What is needed: Note on the material below: return exactly the lines from the line that holds "橙胸姬鹟:体长12-16厘米" through the line that holds "Sauerkirschen (Damson/Sour Cherry), Wasser, Zitronensäure", and leave out each picture.

Data:
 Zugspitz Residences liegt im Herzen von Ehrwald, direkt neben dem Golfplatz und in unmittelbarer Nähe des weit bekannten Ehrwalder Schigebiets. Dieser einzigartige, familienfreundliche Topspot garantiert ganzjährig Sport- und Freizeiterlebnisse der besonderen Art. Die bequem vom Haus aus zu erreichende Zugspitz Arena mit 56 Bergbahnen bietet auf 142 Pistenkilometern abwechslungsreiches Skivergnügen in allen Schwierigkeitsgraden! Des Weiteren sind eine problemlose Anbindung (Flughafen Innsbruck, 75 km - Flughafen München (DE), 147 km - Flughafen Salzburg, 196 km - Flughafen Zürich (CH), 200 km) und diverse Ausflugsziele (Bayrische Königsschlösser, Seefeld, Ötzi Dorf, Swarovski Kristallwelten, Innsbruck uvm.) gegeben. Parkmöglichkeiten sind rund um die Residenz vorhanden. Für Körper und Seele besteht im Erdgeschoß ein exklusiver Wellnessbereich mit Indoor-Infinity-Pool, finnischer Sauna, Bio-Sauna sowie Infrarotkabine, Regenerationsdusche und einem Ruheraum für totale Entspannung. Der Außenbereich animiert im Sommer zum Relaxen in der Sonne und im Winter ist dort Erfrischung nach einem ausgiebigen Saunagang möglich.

* * *

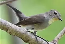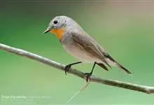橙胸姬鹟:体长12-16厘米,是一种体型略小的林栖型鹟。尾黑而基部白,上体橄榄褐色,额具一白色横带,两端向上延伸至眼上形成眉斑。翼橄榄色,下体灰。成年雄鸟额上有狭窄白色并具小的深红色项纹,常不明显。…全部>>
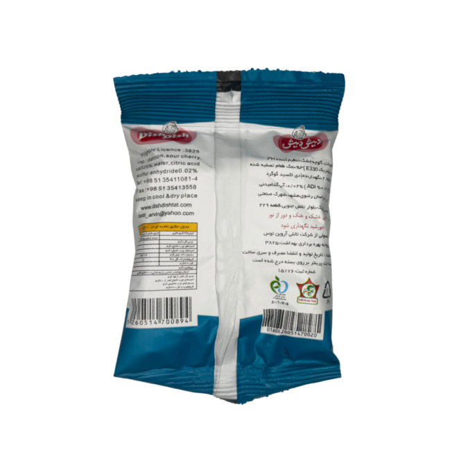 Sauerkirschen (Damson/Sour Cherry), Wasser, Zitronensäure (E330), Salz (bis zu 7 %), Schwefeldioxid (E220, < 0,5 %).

--

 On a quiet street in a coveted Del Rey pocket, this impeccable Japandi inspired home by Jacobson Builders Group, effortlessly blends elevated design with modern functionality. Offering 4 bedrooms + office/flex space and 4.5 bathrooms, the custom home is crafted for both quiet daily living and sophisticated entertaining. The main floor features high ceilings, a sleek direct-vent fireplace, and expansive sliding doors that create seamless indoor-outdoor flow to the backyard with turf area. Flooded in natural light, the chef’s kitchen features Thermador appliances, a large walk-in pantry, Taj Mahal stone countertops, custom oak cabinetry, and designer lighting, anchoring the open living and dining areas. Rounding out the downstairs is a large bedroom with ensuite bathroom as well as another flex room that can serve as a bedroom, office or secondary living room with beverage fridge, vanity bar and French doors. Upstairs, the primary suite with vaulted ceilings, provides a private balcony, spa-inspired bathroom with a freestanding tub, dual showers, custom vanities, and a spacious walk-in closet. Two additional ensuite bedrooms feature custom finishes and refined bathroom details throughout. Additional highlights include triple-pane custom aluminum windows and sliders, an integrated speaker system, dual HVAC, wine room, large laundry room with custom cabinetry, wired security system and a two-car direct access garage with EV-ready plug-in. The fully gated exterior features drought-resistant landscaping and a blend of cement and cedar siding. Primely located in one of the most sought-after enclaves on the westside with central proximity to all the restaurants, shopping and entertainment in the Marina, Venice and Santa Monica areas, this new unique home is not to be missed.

Exercise output:
橙胸姬鹟:体长12-16厘米,是一种体型略小的林栖型鹟。尾黑而基部白,上体橄榄褐色,额具一白色横带,两端向上延伸至眼上形成眉斑。翼橄榄色,下体灰。成年雄鸟额上有狭窄白色并具小的深红色项纹,常不明显。…全部>>
 Sauerkirschen (Damson/Sour Cherry), Wasser, Zitronensäure (E330), Salz (bis zu 7 %), Schwefeldioxid (E220, < 0,5 %).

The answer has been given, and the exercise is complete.